Why This Matters for Security Teams
Third-party access is not just a vendor management problem. It is an identity governance problem that directly affects auditability, least privilege, and containment. When suppliers, contractors, and integrators are excluded from the same governance process as employees, access reviews miss active accounts, ownership becomes unclear, and termination steps are often incomplete. That gap is especially dangerous because third parties commonly hold privileged access to production systems, support consoles, and shared automation paths.
This is why the issue shows up repeatedly in The 52 NHI breaches Report and in the OWASP Non-Human Identity Top 10: identity sprawl creates blind spots long before an incident is visible. For suppliers, the same pattern appears through stale accounts, shared credentials, and unmanaged service access that outlives the contract. In practice, many security teams discover third-party exposure only after an offboarding failure, a support escalation, or a post-incident audit has already exposed the gap.
How It Works in Practice
Effective identity governance extends the full joiner, mover, and leaver lifecycle to third parties. That means each external identity needs a named business owner, a technical owner, a defined purpose, an expiration date, and a review cadence. It also means separating human vendor users from any non-human identities they operate, since both can be involved in the same service relationship but require different controls. The Ultimate Guide to NHIs — Lifecycle Processes for Managing NHIs is useful here because lifecycle discipline is what prevents orphaned access from lingering after the work is done.

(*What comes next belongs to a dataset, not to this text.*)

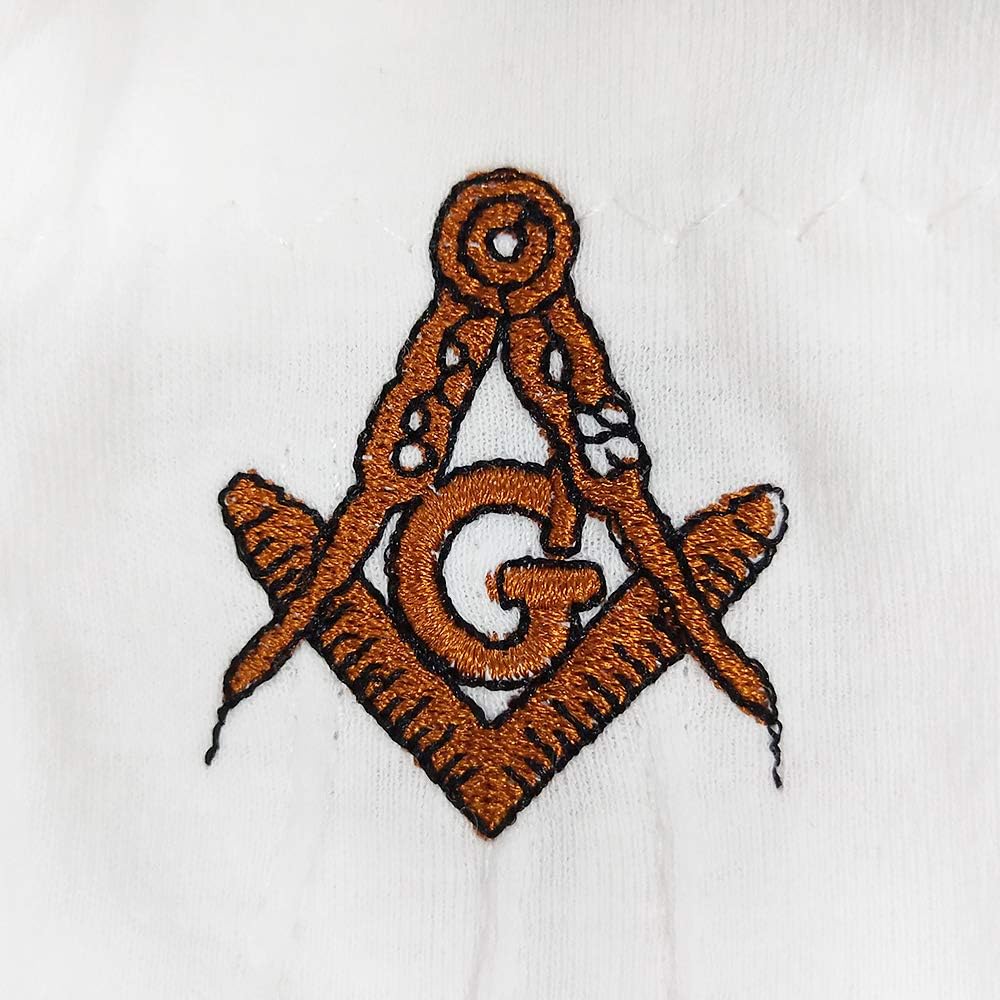 قفازات ماسونية قطنية مربعة ذهبية وبوصلة مطرزة

Practically, security teams should expect third-party governance to include:
- inventory of all external accounts, APIs, and delegated access paths
- approval workflows tied to contracts, scopes of work, or support cases
- time-bound access with automatic expiry and re-approval for extensions
- logging and monitoring that distinguish vendor activity from internal users
- offboarding triggers tied to procurement, HR, and service ticket closure
Current guidance from NIST Cybersecurity Framework 2.0 and the OWASP Non-Human Identity Top 10 supports treating third-party identities as governed assets, not ad hoc exceptions. In the real world, the control breaks down when vendor access is created outside the normal identity stack, such as by emergency support, shared admin accounts, or direct cloud console grants that bypass review.

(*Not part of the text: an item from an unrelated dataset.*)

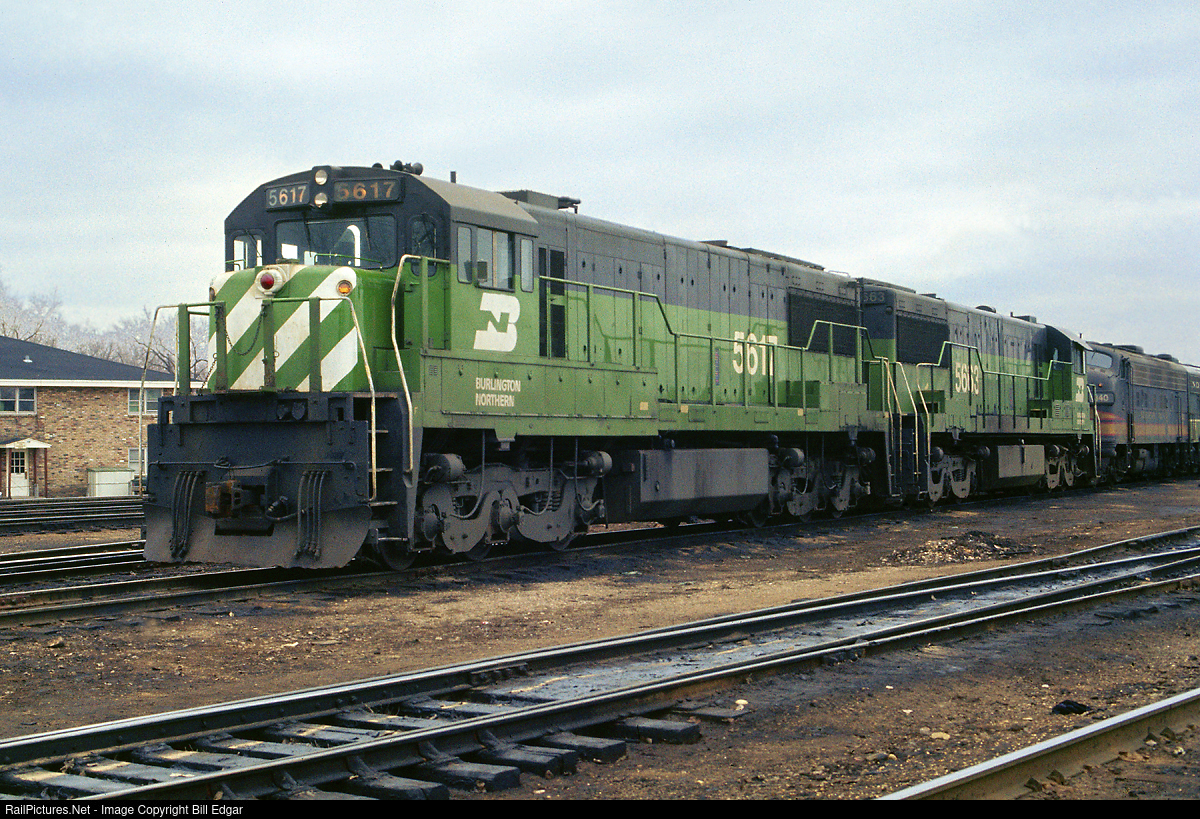 BN 5617 and 5663 pair up with some X-NP F9s at BN's former GN Harrison St. engine facilities in March 1974. BN 5617 was NP 2517, built in June 1965 and retired in March 1981. BN 5663 was CB&Q 575, built in April 1966 and retired in June 1981. The early U28Cs on NP and CB&Q were delivered in U25C carbodies, but had split front windshields rather than the picture window seen on BN 5617.

Common Variations and Edge Cases
Tighter third-party governance often increases operational overhead, requiring organisations to balance speed of onboarding against stronger oversight. That tradeoff is real, especially where suppliers need rapid access to production or where procurement and security are run in separate systems. There is no universal standard for this yet, but current guidance suggests that high-risk vendors should face the same or stricter review discipline than employees.
Edge cases usually appear in two places. First, long-lived support relationships can make “temporary” access effectively permanent unless expiry is enforced. Second, outsourced engineering and managed service providers often operate both human accounts and machine identities, which means one review process is not enough. In those environments, identity governance should include privileged access management, scoped delegation, and clear revocation triggers when contracts change. The Ultimate Guide to NHIs — Regulatory and Audit Perspectives is a useful reference for aligning evidence collection with audit expectations.

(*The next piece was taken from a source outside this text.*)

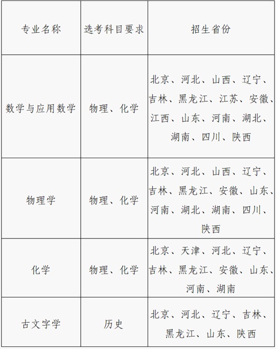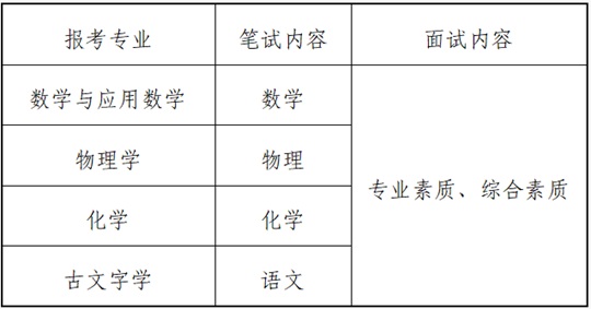 报考数学与应用数学专业、物理学专业、化学专业考生高考成绩(不含任何政策加分,下同)高于生源所在省公布的特殊类型招生录取最低控制分数线80分(含);报考古文字学专业考生高考成绩(不含任何政策加分,下同)高于生源所在省公布的特殊类型招生录取最低控制分数线60分(含)的基础上,依据高考成绩,原则上按照不超过我校分省分专业招生计划数的六倍确定各省入围我校考核考生名单(末位同分均可入围),并公示入围标准。对于报考我校数学与应用数学专业的考生,高考数学成绩达到145分及以上,高考成绩达到生源所在省公布的特殊类型招生录取最低控制分数线但未达到入围标准的,可予以破格入围,破格入围人数不超过分省分专业招生计划数的六倍。

For organisations building a control baseline, the main question is not whether the third party is trusted. It is whether the access can be proven necessary, time-bound, and fully revocable at any point in the relationship. If not, the governance model has already failed.
Standards & Framework Alignment
This section maps relevant standards and security frameworks to the operational risks and controls described in this guidance.
OWASP Non-Human Identity Top 10 and CSA MAESTRO address the attack and risk surface, while NIST CSF 2.0 set the governance and control requirements practitioners need to meet.
| Framework | Control / Reference | Relevance |
|---|---|---|
| OWASP Non-Human Identity Top 10 | NHI-03 | Third-party accounts often fail rotation and expiry discipline. |
| NIST CSF 2.0 | PR.AC-4 | Third-party access must be authorized, reviewed, and limited by role. |
| CSA MAESTRO | Vendor-integrated agents and services need lifecycle and policy governance. |
Inventory vendor identities and enforce expiry, rotation, and revocation on every external credential.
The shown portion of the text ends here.